(no title)
aiappreciator | 2 years ago
But a question for true DB experts here:
1. Is there any real advantage to building a dedicated vector DB from scratch?
2. Is vector DB something that can be just 'tacked on' to a normal DB with no major performance penalties?
We know from history, that data warehouses are genuinely different from databases, and cloud data warehouses are overwhelmingly superior to on-prem ones. So that emerged as a distinct, enduring category with Snowflake/Databricks/Bigquery.
jamesblonde|2 years ago
Most vector databases use one of a few different vector indexing libraries - FAISS, hnswlib, and scann (google only) are popular. The newer vector dbs, like weaviate, have introduced their own indexes, but i haven't seen any performance difference -
Reference: https://ann-benchmarks.com/
andris9|2 years ago
redwood|2 years ago
charcircuit|2 years ago
Some advantages of having a separate index is that it can work with different backends, it can be independently scaled, and it can index data for more than 1 database server.

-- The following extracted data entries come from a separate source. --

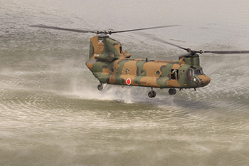 【相馬原】第12ヘリコプター隊の第2飛行隊は9月16日、霞ケ浦離着水場でCH47Jヘリの離着水訓練を実施した。
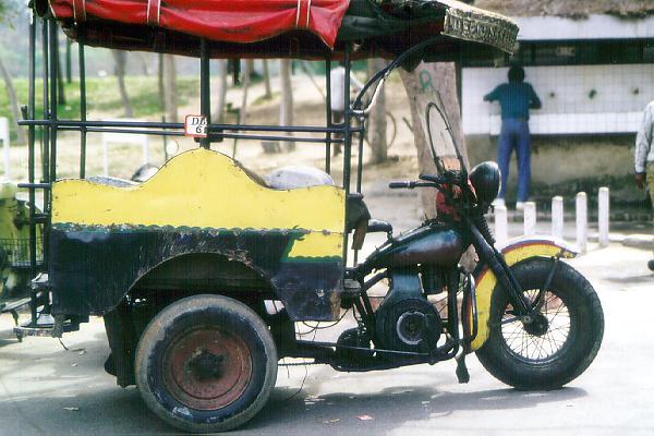 I'm told the three-wheeler is a Harley-Davidson Servicar. Originally powered by a 750 side valve motor, same as used in the WLA. This one has clearly been fitted with some sort of Diesel engine. The Picture is from India.
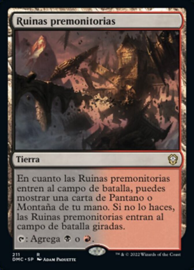 | Rules | As Foreboding Ruins enters the battlefield, you may reveal a Swamp or Mountain card from your hand. If you don't, Foreboding Ruins enters the battlefield tapped. : Add or . |
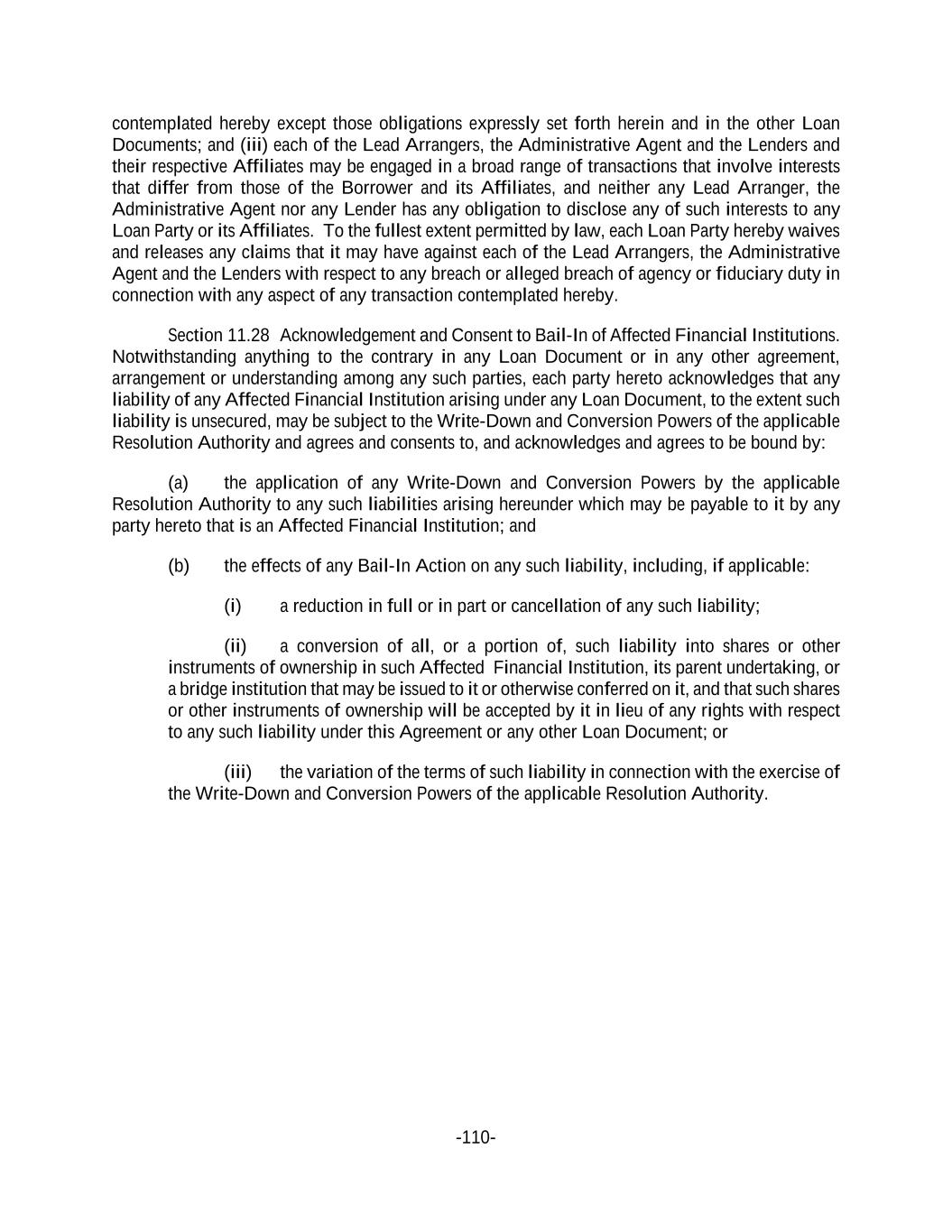-110- contemplated hereby except those obligations expressly set forth herein and in the other Loan Documents; and (iii) each of the Lead Arrangers, the Administrative Agent and the Lenders and their respective Affiliates may be engaged in a broad range of transactions that involve interests that differ from those of the Borrower and its Affiliates, and neither any Lead Arranger, the Administrative Agent nor any Lender has any obligation to disclose any of such interests to any Loan Party or its Affiliates. To the fullest extent permitted by law, each Loan Party hereby waives and releases any claims that it may have against each of the Lead Arrangers, the Administrative Agent and the Lenders with respect to any breach or alleged breach of agency or fiduciary duty in connection with any aspect of any transaction contemplated hereby. Section 11.28 Acknowledgement and Consent to Bail-In of Affected Financial Institutions. Notwithstanding anything to the contrary in any Loan Document or in any other agreement, arrangement or understanding among any such parties, each party hereto acknowledges that any liability of any Affected Financial Institution arising under any Loan Document, to the extent such liability is unsecured, may be subject to the Write-Down and Conversion Powers of the applicable Resolution Authority and agrees and consents to, and acknowledges and agrees to be bound by: (a) the application of any Write-Down and Conversion Powers by the applicable Resolution Authority to any such liabilities arising hereunder which may be payable to it by any party hereto that is an Affected Financial Institution; and (b) the effects of any Bail-In Action on any such liability, including, if applicable: (i) a reduction in full or in part or cancellation of any such liability; (ii) a conversion of all, or a portion of, such liability into shares or other instruments of ownership in such Affected Financial Institution, its parent undertaking, or a bridge institution that may be issued to it or otherwise conferred on it, and that such shares or other instruments of ownership will be accepted by it in lieu of any rights with respect to any such liability under this Agreement or any other Loan Document; or (iii) the variation of the terms of such liability in connection with the exercise of the Write-Down and Conversion Powers of the applicable Resolution Authority.
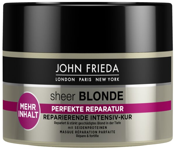 Entdecken Sie die John Frieda Go Blonder Intensiv Reparatur-Maske die perfekte Lö sung fü r blondes Haar das intensive Pflege und Schutz benö tigt. Diese hochwertige Haarmaske wurde speziell fü r blondiertes und aufgehelltes Haar entwickelt und bietet eine intensive Tiefenpflege um Ihre Haarstruktur zu stä rken und das Haar vor weiteren Schä den zu schü tzen. Die Formel der Go Blonder Intensiv Reparatur-Maske enthä lt natü rliche Zitrus- und Kamille-Extrakte die sanft blondierte Strä hnen aufhellen und fü r eine gleichmä ß ige Farbverteilung sorgen. Die reichhaltige Textur der Maske dringt tief in die Haarfasern ein um sie von innen heraus zu reparieren und das Haar geschmeidig und glä nzend zu machen. Mit der John Frieda Go Blonder Intensiv Reparatur-Maske kö nnen Sie Ihr blondes Haar intensiv pflegen seine Leuchtkraft und Farbbrillanz verbessern und gleichzeitig vor zukü nftigen Schä den schü tzen. Gö nnen Sie Ihrem Haar die besondere Pflege die es verdient!Vorteile:- Haarmaske- speziell fü r blondiertes und aufgehelltes Haar- enthä lt natü rliche Zitrus- und Kamille-Extrakte- verbessert die Leuchtkraft und Farbbrillanz und schü tzt das Haar vor zukü nftigen Schä den Anwendung: Die verbindliche Angabe der Anwendung entnimmst du bitte der Verpackung bzw. der beiliegenden Bedienungsanleitung des gelieferten Produktes.
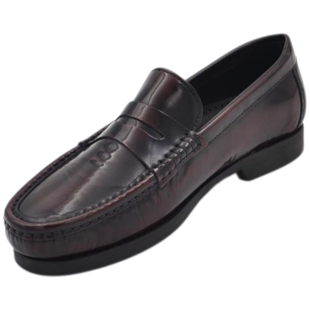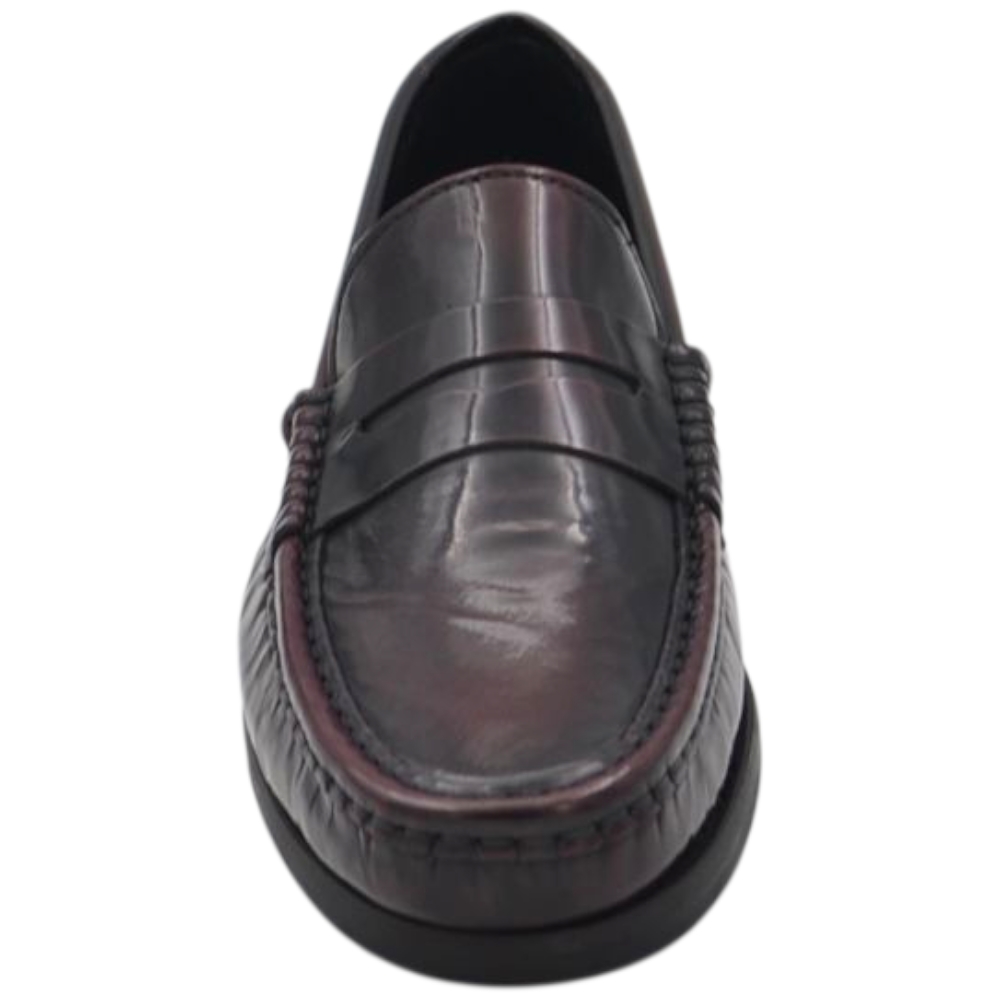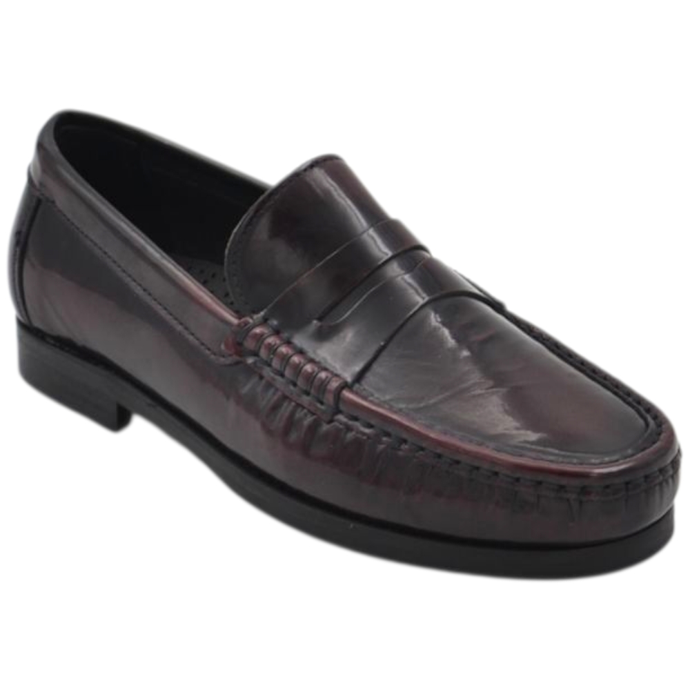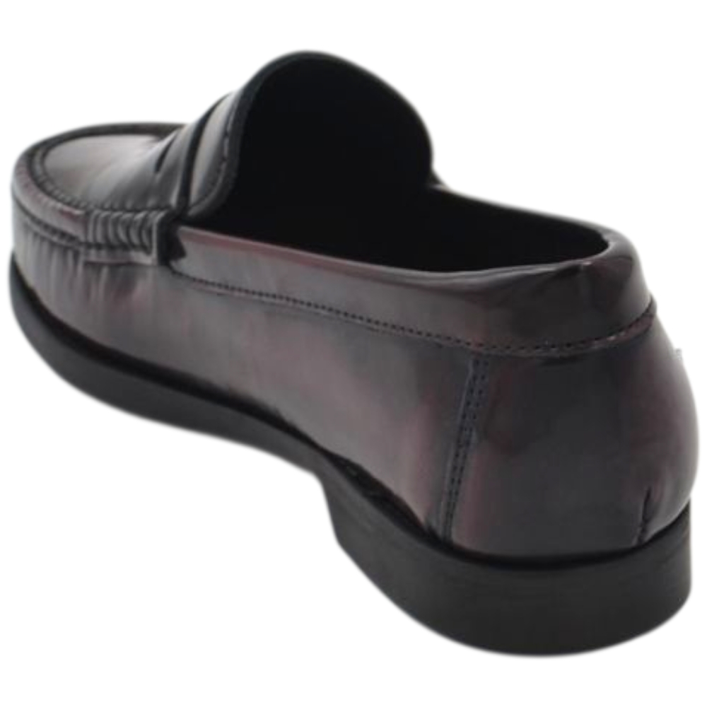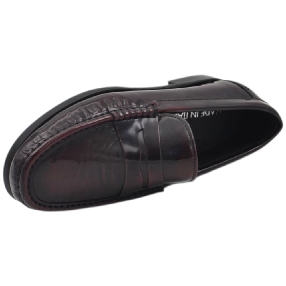 Scarpe uomo mocassini inglese college vera pelle abrasivata bordeaux cuciture rilievo made in italy fondo cuoio

Some disadvantages are increased latency, increased complexity, and distributed system problems.
hobs|2 years ago
The operational pains if you need to self host this stuff are real, split brain, backup/restore not really considered (compared to a normal databases features), things like replication and sharding _exist_ but often are a buggy mess.
OLAP is definitely distinct from OLTP, and most of these vector queries have some aspect of both - they are similar to OLAP in that they need a decent amount of preprocessing to be useful (inferrence) and they are similar to OLTP in that they are often used for serving point queries or tiny lookups.